Heritage Health Prize Data Mining Competition Ended
The largest competition in the field of analysis of large data arrays since Netflix Prize has come to an end. And although the official results of the top ten and the winner will be announced in two months, the results can already be summed up.
The goal was to predict hospitalization of patients over the next year based on data from the previous two years of treatment. According to the sponsor, this will allow more attention to be paid to those patients who need him most, thereby saving part of the $ 30 billion spent annually in the USA on hospitalization.
The prize of $ 3,000,000 declared by the organizers was unattainable due to the established accuracy limit of 0.4 RMSLE (less is better; best result achieved is 0.46; the difference between the first and hundredth places is 0.008; RMSLE is the standard deviation of the logarithms) and the data provided - they simply there was not enough information to reach this level of accuracy. Therefore, in fact, the struggle went on for $ 500,000, which went to the best team, a fund of intermediate finishes and invaluable experience.
Despite the complexity of the task, more than one and a half thousand wished to try their hand. They say that two Nobel laureates even participated in the competition, but who they were and what successes are not recognized. Given that in the field of mathematics and programming they do not exist, medicine remains - as a consultant or economics.
The competition lasted two years and had three intermediate finishes, each of which had two prizes. Winners, according to the terms of the competition, laid out a description of their methods.
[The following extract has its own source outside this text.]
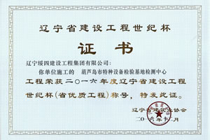 “葫蘆島市特種設(shè)備檢驗基地檢測中心”榮獲2016年度遼寧省建設(shè)工程世紀杯稱號

However, this did not help much to the rivals, the fact is that the main algorithms are well known - these are decision trees , Random Forest (random forest) , Gradient Boosting , Gradient descent , Ridge Regression (ridge regression, Tikhonov regularization)their modifications and combinations. The differences were in the intricacies of the implementation, use, combination and small variations of the algorithms themselves. However, there were so many details that it was not clear - due to which the result is actually achieved. That is, what the winners do - it’s clear, it’s not clear why they do just that, and why what they do works.
The winners were divided into intermediate finishes as follows:
- 1. Market Makers 2. Willem Mestrom
- 1. Market Makers 2. Edward & Willem
- 1. Edward & Willem 2. Crescendo
Oddities began before the third interim finish - all three teams almost did not use the model’s once-daily-validated model check on 30% of the test data and the leader changed without a fight. The reason was the union in one team, while it was impossible to exceed the limit of the sent models for all the time since the start of the competition - they miraculously met.
On the day of the finish, preliminary results for 30% of the test data looked like this .
But the most interesting was in the results on the hidden part , published a few days later, reflecting the true estimates of the operation of the algorithms.
Summary table for the first 50 places:
The main enemy was the effect most clearly observed among the Almata team, which took first place in the open rating. This is overfitting. They extracted all the useful information from the data on which the rating was considered, based on the rating estimates, and with it captured harmful information specific to the set. As a result, the estimate for unknown data worsens (or at least does not improve). The result - a move from 1st to 19th place.
The winner and scores of the first 10 participants will be officially announced in early June at the Health Datapalooza IV conference. However, there is almost no doubt about the victory of POWERDOT - a team formed by the merger of the winners of intermediate finishes. Having at their disposal the 3 best results, they got the opportunity to implicitly learn from the hidden part of the rating, after which it became impossible to deal with them.
But there was something to learn. For me, this resulted in a move from 261st place following the results of the last intermediate finish to the final 27th. It could have been higher - an understanding of the processes was too late, but next time it would be more interesting.
Description of the methods of the winners of intermediate finishes (the winner algorithm will probably be composed of their combination) can be read here(a lot of math and maneuvers that I still don't understand).
UPD 2013.07.15. As predicted, POWERDOT won with a score of 0.461197. After stripping from violators of the rules that used multiple accounts, the appearance of the final table changed . And the organizers promise the second part of the competition with invitations based on the results of the first.